You arrive to my party a little late. You stop in my kitchen on your way out into the garden, and you see all the treasures that have already been found, nicely and neatly laid out on my table. An antique magnifying glass! A thimble! A piece of selenite! All very pretty, and nicely arranged.
(Note: Never put selenite out in the garden unless you live in a desert. It dissolves in moisture. I just said that to see if the woowoo among you were paying attention.)
You are distressed.
You come to me, distraught.
You say to me, “Naomi, whatever shall I do? I am late to the party, and everything has already been found!” You gesture to the table and all of its sparkly wares to prove your point. See? It’s all been found.
This is a trick of the brain. It’s lying to you, because it’s an asshat sometimes.
See, you are late and, quite understandably, you are feeling somewhat insecure about it. You look at the wares spread out on the table. There are a lot of them. They are all the wares you see, and thus you conclude that all you see is all there is.
There could be 152 other treasures strewn about my palatial estate and you won’t know because you see 20, and that seems like a lot. Brains (being asshats) like to take shortcuts and protect you from difficult things, so “a lot” is simplistically filed as “all” and your brain decides the case is closed. Clearly, all the treasures have been found. May as well get drunk instead.

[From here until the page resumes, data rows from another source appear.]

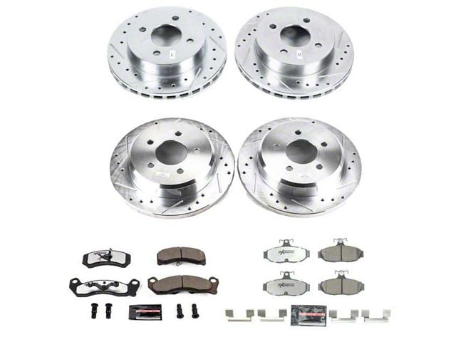 Impressive Front and Rear Brake Rotor and Pad Kit. This kit comes with (2) front brake rotors, (2) rear brake rotors, and (8) brake pads. All the necessary installation hardware, as well as high-temperature hardware, are also included in the kit.
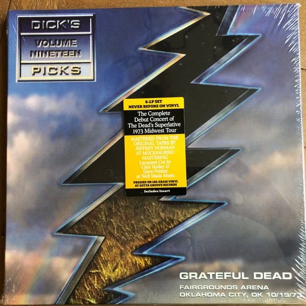 Hype sticker on front: 6-LP Set, Never Before on Vinyl, The Complete Debut Concert of The Dead’s Superlative 1973 Midwest Tour, Mastered from the original tapes by Jeffrey Norman at Mockingbird Mastering, Lacquers cuty by Clint Holley & Dave Polster at Well Made Music, Pressed on 180-Gram Vinyl at Gotta Groove Records, Includes Insert
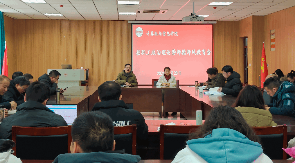 2月28日,学院在L楼302召开全体教职工大会,进行政治理论学习和师德师风教育,传达学校开学工作会议精神。学院全体教职工参加会议,党委书记陈银凤主持会议。

Now let’s talk about trashy romance novels, because they are my favorite thing.
In commercial fiction, there are plot and character elements known as tropes – beloved, genre-specific components that almost all authors incorporate at one time or another. Friends to lovers is a trope. Enemies to lovers is a trope. Aristocrats! Ill-timed pregnancies! Strong female protagonists! These are all tropes, and they’re the bread and butter of the romance industry.
Every industry has its bread and butter. Every industry has its tropes. If you’re new and thinking of making something, the odds are very high that it’s a trope of some kind. (We don’t usually start getting creative until we’ve been doing this for a while.)
An idea being done before means nothing. It doesn’t mean your thing won’t sell. It doesn’t mean you’re a copycat. Nobody’s going to think you’re pathetic. In fact, if your idea hasn’t been done before, you may want to consider worrying, because “nobody has ever done anything like this” tends to be a very bad sign.
You’re in health and wellness, and you want to make a book of healthy breakfast recipes. But there are already books about healthy breakfast recipes. What should you do?
You should make a book about healthy breakfast recipes. I, for one, thank God that there are more than one of them on earth, and I welcome more.
You’re a tarot card reader and you want to make your own tarot cards. But there are already tarot card decks in existence… many of them created by tarot card readers! What should you do?
You should make a tarot card deck. Notice how we just said there are many of them in existence? Yes, there are. Now go make another one. The more the merrier, darling.
I’m a marketing coach, and I want to make a book of marketing templates. But there are already marketing templates in existence! Whatever shall I do?
I should make a book of marketing templates. (Incidentally, I did make a book of marketing templates, which you are welcome to purchase for the low, low price of $25. Despite the fact that marketing templates is about the tropiest thing I can fathom, it’s very popular. Nobody has fired me from human existence because I made something that someone else already made.)
(Quick PSA: If you teach nearly anything at all, and it is in any way plausible that your people might want templates? For the love of God, make templates.)
- We all think it’s all been done. We’re all wrong.
- The thing you’re thinking of making probably has been done before. Make it anyway.
Oh, and one more thing? If you’re worried about uniqueness, go check out Naomi Explains USP. Uniqueness is NOT what you think it is.
Thanks for writing in, Fashionably. Please go forth, make stuff, and kick ass. YOU ARE NOT TOO LATE.